The restructuring is related to the planned divestiture of Intrarosa (prasterone) and Vyleesi (bremelanotide injection) and the impact of the COVID-19 pandemic.
During its first-quarter financial reporting, Waltham, Massachusetts-based AMAG Pharmaceuticals announced company-wide restructuring and plans to cut the workforce by about 30%, or about 140 jobs.
The company reported total revenues for the quarter of $68.7 million, including $44.4 million from the sales of Feraheme and $21.8 million from Makena (hydroxyprogesterone caproate injection). The company had an operating loss of $19.6 million and an adjust EBITDA loss of $5.5 million.
The restructuring is related to the planned divestiture of Intrarosa (prasterone) and Vyleesi (bremelanotide injection) and the impact of the COVID-19 pandemic.
“We are sharpening our focus on our priorities of maximizing Feraheme’s value, retaining patient access to Makena and continuing to efficiently develop innovative therapies, namely ciraparantag,” said Scott Myers, president and chief executive officer of AMAG. “As we look to the future, it is difficult to estimate the severity and duration of the COVID-19 pandemic. We’ve seen signs of stabilization and remain confident in the underlying demand for our products; however, we cannot speculate on the subsequent speed of recovery and the overall impact on our business.”
Myers took over the company about two weeks ago, from where he ran Seattle’s Rainier Therapeutics. He replaced William Heiden, who stepped down.
“Many people have asked me: ‘Why would you join AMAG now, given the broader impact of COVID and given AMAG’s previously announced changes?” Myers said, Xconomy reported. “The last several companies that I helped lead also had a myriad of challenges spanning their entire enterprise, and we found solutions. I believe that will be the case here as well.”
The company indicated that its enrollment for the AMAG-423 Phase IIb/IIIa clinical trial had been paused due to the pandemic, as the trial is hospital-based. It had also paused initiation of new study sites.

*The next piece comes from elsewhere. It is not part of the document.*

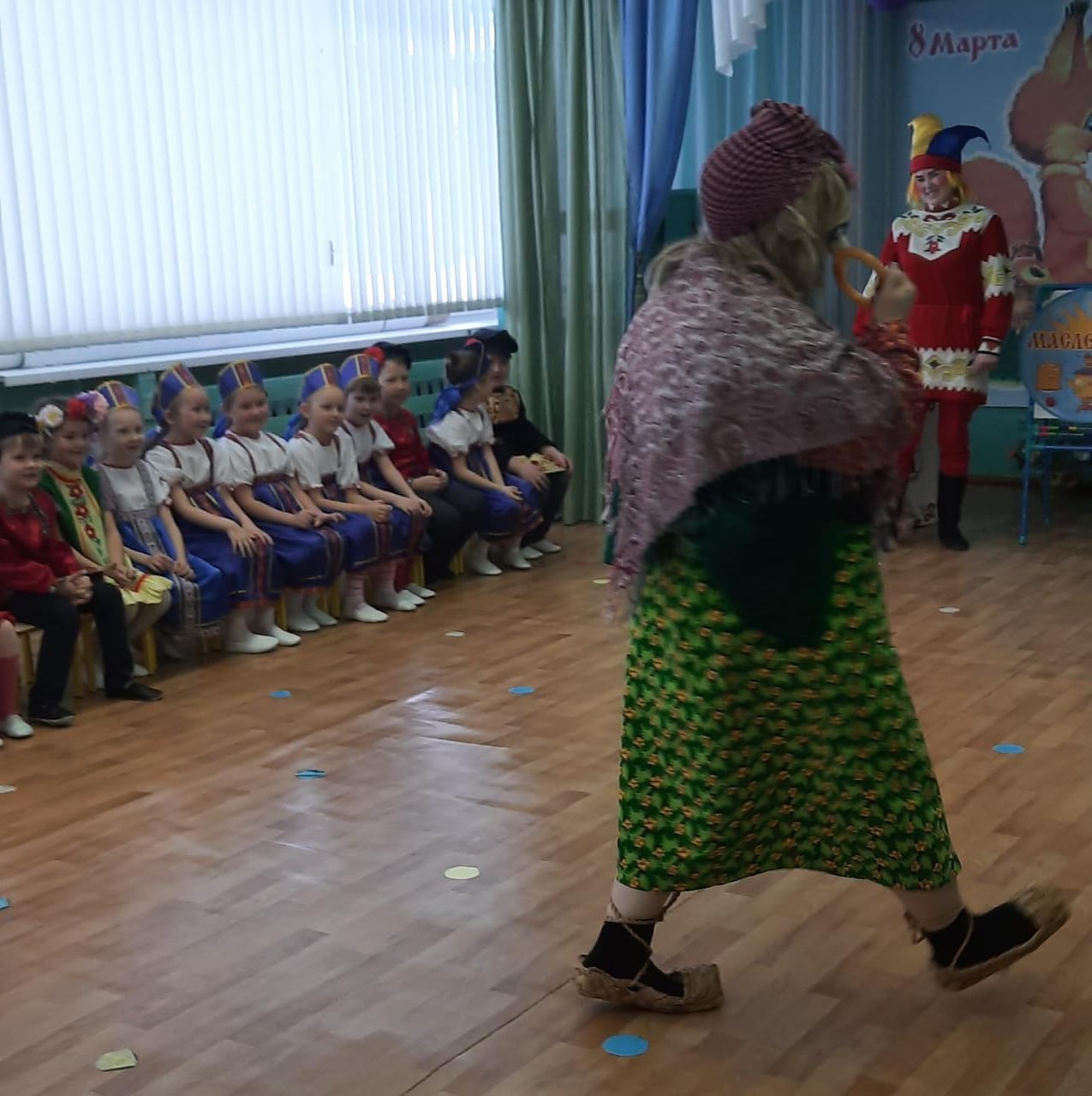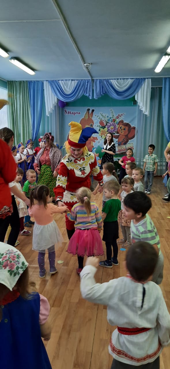 Дети нарядные, весёлые в предвкушении праздника и их надежды оправдались. На праздник к детям пришел известные герои Шпилька и Клепа, Царь Горох и Скоморохи, «Клоун Бантик» - было очень весело. На утреннике наши дети рассказывали праздничные стихотворения, пели красивые песенки, танцевали и участвовали вместе со своими мамами в конкурсах, своими стихами, танцами, песнями дети подарили мамам и бабушкам много добрых слов, нежности и внимания.

It is also working with the FDA to initiate the ciraparantag Phase IIb trial in healthy volunteers.
One of the drugs AMAG is holding onto is Makenda, a weekly injection of hydroxyprogesterone caproate designed to decrease the risk of preterm birth for pregnant women with a history of spontaneous preterm birth. In October 2019, an FDA advisory committee voted 9-7 recommending the agency withdraw approval based on data suggesting the drug is not effective. When the FDA plans to make a decision on the drug is unclear. Myers indicated that the agency said scheduling a meeting on the subject would be “premature.”
The other drug, Feraheme, is an infusion for iron deficiency anemia in adults with chronic kidney disease.
Total costs and expenses decreased in the quarter by $105.3 million to $88.2 million compared to the first quarter of 2019. As of March 31, 2020, the company reported $124.7 million in cash and investments, with $320 million in long-term debt.
“Based upon the extraordinary dynamics across the industry due to the COVID-19 pandemic, we have decided to withdraw our 2020 financial guidance,” said Ted Myles, AMAG’s chief financial officer and chief operating officer. “We remain committed to our previously stated goal of reducing total operating expenses by more than $100 million in 2020, as compared to 2019, and we are on track to achieve this objective. Furthermore, we continue to strive towards returning to profitability this year. The work force reduction that we announced today is an important step towards achieving these corporate objectives. While it was a difficult decision, we believe the organization is now the right size to support our long-term goals. We’d like to thank our colleagues who are leaving AMAG for their many contributions to our organizations.”